Task goal: Go through the data and copy every line exactly, but not the images.

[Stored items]

########################################

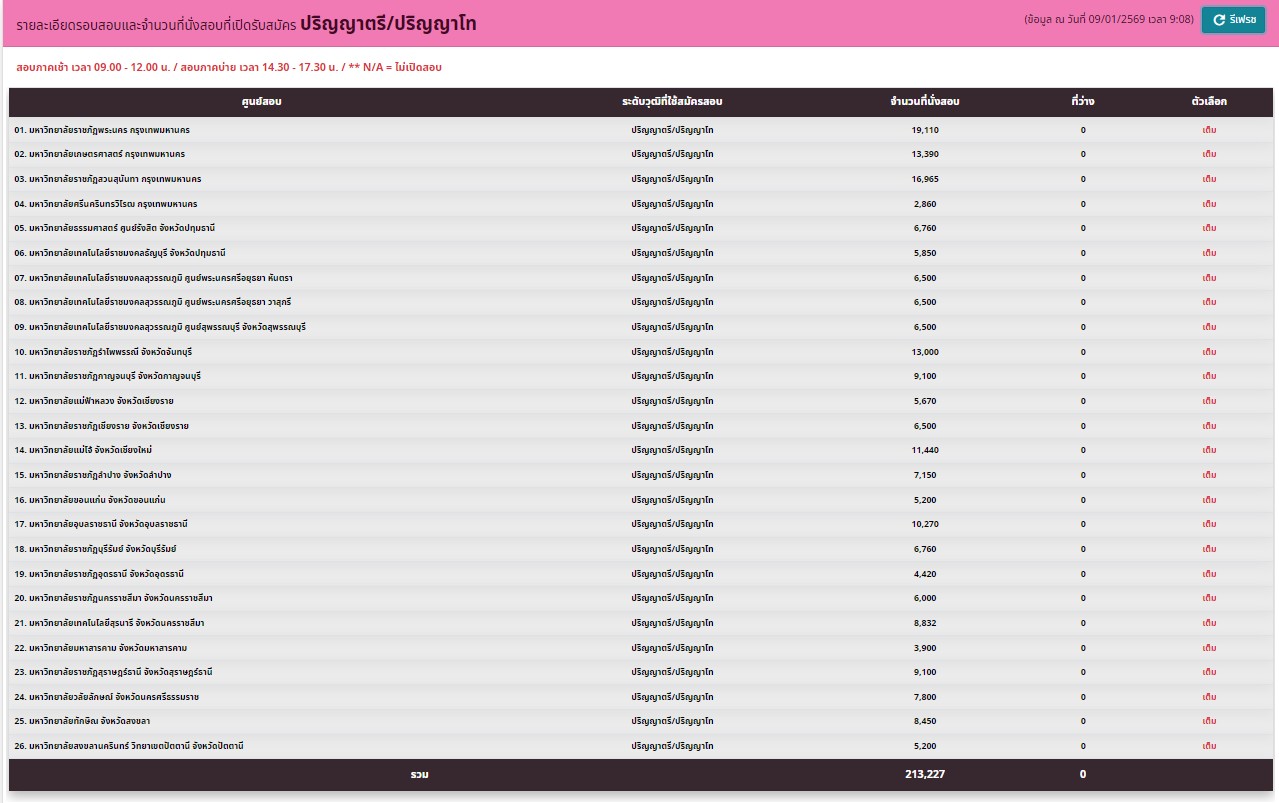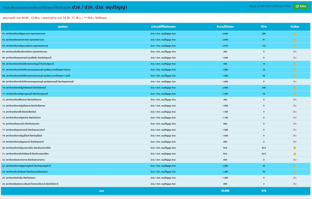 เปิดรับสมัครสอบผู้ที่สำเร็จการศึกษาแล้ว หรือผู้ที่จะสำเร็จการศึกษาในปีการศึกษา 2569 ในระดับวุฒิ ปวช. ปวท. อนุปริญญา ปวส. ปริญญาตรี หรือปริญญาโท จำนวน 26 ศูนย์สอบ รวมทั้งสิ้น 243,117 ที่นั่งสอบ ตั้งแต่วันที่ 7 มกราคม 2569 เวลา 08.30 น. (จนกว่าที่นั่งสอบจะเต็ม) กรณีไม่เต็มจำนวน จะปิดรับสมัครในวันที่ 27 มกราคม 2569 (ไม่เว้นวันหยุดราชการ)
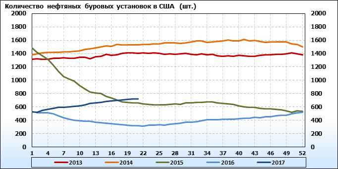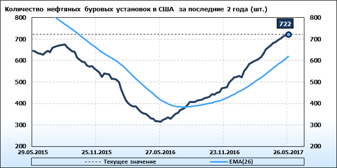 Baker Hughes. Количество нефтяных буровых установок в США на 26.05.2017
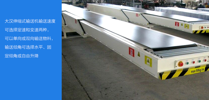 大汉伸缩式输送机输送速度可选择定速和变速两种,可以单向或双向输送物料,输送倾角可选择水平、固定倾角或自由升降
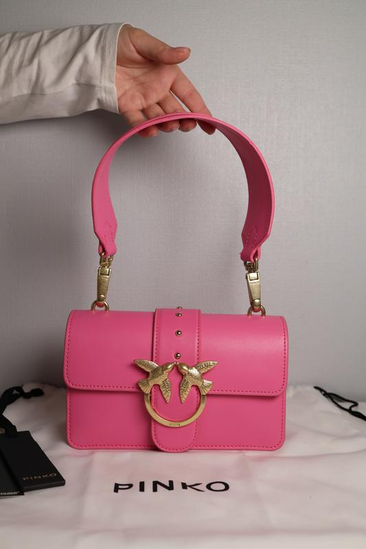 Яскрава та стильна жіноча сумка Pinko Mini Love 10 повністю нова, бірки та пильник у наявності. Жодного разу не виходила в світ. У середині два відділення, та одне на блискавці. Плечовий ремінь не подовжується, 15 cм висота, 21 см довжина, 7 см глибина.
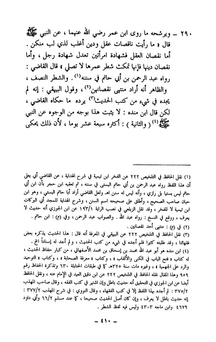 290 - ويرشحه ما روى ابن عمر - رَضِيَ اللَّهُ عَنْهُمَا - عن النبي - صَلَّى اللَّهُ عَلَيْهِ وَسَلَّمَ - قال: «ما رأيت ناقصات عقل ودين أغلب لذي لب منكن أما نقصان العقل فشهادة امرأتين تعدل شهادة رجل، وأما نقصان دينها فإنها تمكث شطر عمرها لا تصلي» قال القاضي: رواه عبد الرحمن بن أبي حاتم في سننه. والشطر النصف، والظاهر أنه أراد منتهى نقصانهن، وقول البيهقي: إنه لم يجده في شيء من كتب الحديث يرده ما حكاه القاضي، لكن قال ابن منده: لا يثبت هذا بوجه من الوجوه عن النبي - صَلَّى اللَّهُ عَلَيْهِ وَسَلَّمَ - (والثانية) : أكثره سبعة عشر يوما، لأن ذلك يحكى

########################################

Your solution:
 เปิดรับสมัครสอบผู้ที่สำเร็จการศึกษาแล้ว หรือผู้ที่จะสำเร็จการศึกษาในปีการศึกษา 2569 ในระดับวุฒิ ปวช. ปวท. อนุปริญญา ปวส. ปริญญาตรี หรือปริญญาโท จำนวน 26 ศูนย์สอบ รวมทั้งสิ้น 243,117 ที่นั่งสอบ ตั้งแต่วันที่ 7 มกราคม 2569 เวลา 08.30 น. (จนกว่าที่นั่งสอบจะเต็ม) กรณีไม่เต็มจำนวน จะปิดรับสมัครในวันที่ 27 มกราคม 2569 (ไม่เว้นวันหยุดราชการ)
 Baker Hughes. Количество нефтяных буровых установок в США на 26.05.2017
 大汉伸缩式输送机输送速度可选择定速和变速两种,可以单向或双向输送物料,输送倾角可选择水平、固定倾角或自由升降
 Яскрава та стильна жіноча сумка Pinko Mini Love 10 повністю нова, бірки та пильник у наявності. Жодного разу не виходила в світ. У середині два відділення, та одне на блискавці. Плечовий ремінь не подовжується, 15 cм висота, 21 см довжина, 7 см глибина.
 290 - ويرشحه ما روى ابن عمر - رَضِيَ اللَّهُ عَنْهُمَا - عن النبي - صَلَّى اللَّهُ عَلَيْهِ وَسَلَّمَ - قال: «ما رأيت ناقصات عقل ودين أغلب لذي لب منكن أما نقصان العقل فشهادة امرأتين تعدل شهادة رجل، وأما نقصان دينها فإنها تمكث شطر عمرها لا تصلي» قال القاضي: رواه عبد الرحمن بن أبي حاتم في سننه. والشطر النصف، والظاهر أنه أراد منتهى نقصانهن، وقول البيهقي: إنه لم يجده في شيء من كتب الحديث يرده ما حكاه القاضي، لكن قال ابن منده: لا يثبت هذا بوجه من الوجوه عن النبي - صَلَّى اللَّهُ عَلَيْهِ وَسَلَّمَ - (والثانية) : أكثره سبعة عشر يوما، لأن ذلك يحكى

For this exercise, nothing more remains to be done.